What does it mean to you that the NHL is celebrating Black History Month the way it is?

"I think it's awesome. I think the NHL is taking steps to recognize and pay tribute, pay homage, to people like Willie O'Ree, Mike Marson. All the originators of the game. For people like myself, these are guys we looked up to. They allowed us to become part of this League."

 

You've talked a lot in the past about how much Willie O'Ree, the first black player in the NHL, means to you. How old were you when you first learned about him?

"I want to say 6 or 7, but I remember my dad bought me a book, 'Black Ice,' and it was about hockey in Nova Scotia, how they had a league there way before. Probably I was about 10 years old when I started digging and doing my research and doing projects."

 

Now Willie is your friend. What does that mean to you, knowing that you can reach out to a legend of the game anytime you need to?

"It's really cool. It was something that was really unexpected. Because of him I was able to make it to the NHL. Without him I wouldn't be here. For myself, it's a great honor to even be associated with someone like Willie O'Ree.

"I still remember the first time I met him.
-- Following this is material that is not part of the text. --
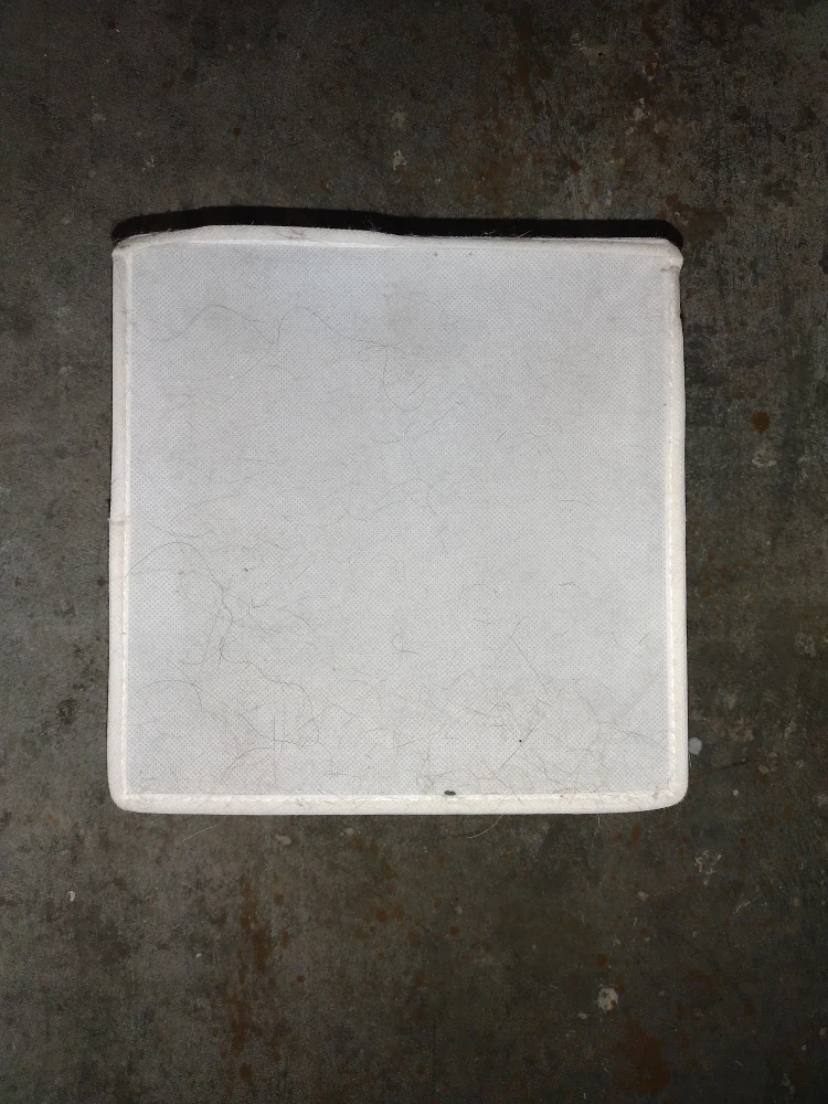 Selling a white fabric storage cube with a grid pattern. It's in good condition and comes with a solid white bottom insert. Perfect for organizing your space!

Just starstruck. I just swelled up. I remember we were walking out of the (players) tunnel (at Staples Center). He was with his daughter and somebody else. We have the same agent, Eustace King, and I remember he brought him down to the tunnel and he was like let's go, we've got to meet Willie. I remember walking out of the tunnel and I met him and his daughter. I was like a little kid. It was really cool."

Video: MIN@PHI: Simmonds rings in second goal on breakaway

 

Who were the black players you watched growing up?

"My first original favorite player was Jarome Iginla. Just because he was playing at the time and he was someone stylistically, that's someone I'd like to play like. So that was awesome. Also, someone like Tony McKegney, he was a great goal scorer."

 

You've had a charity ball hockey event, Wayne's Road Hockey Warrior, for underprivileged and underserved boys and girls ages 5-9 for a few years where you grew up, in Scarborough, Ontario. How important has it been for you to give back to minority kids the way the previous generation did for you?

"It's been huge. We didn't do it last year, would have been our seventh year, because I got married, had a pretty full plate over the summer. But just hearing and even seeing kids, since that time back six years ago, seven years ago, kids have started playing junior, have graduated to the Ontario Hockey League and stuff like that, it's amazing, just the impact you have. The way I do it back home it's not only for black players, it's for anyone underprivileged, anyone who doesn't necessarily always get the chance to play hockey, come out and play some ball hockey and be a part of something bigger. I always see parents around after the fact, they tell me how much I've impacted their kids. It's pretty heartwarming, pretty special.

"I got this whole idea through (former NHL goalie and current NHL Network analyst) Kevin Weekes because I attended his hockey school when I was younger. I always had that memory in my mind, it always stuck with me, resonated with me. As I got older I said why not try to do something like what Weekes did. My program, any time we have it, we have kids who have graduated, who can't play anymore and now they're counselors. Those kids want to pay it back. ... We had a ton more kids the summer before that came back that had participated as players and came back to help out and counsel the kids."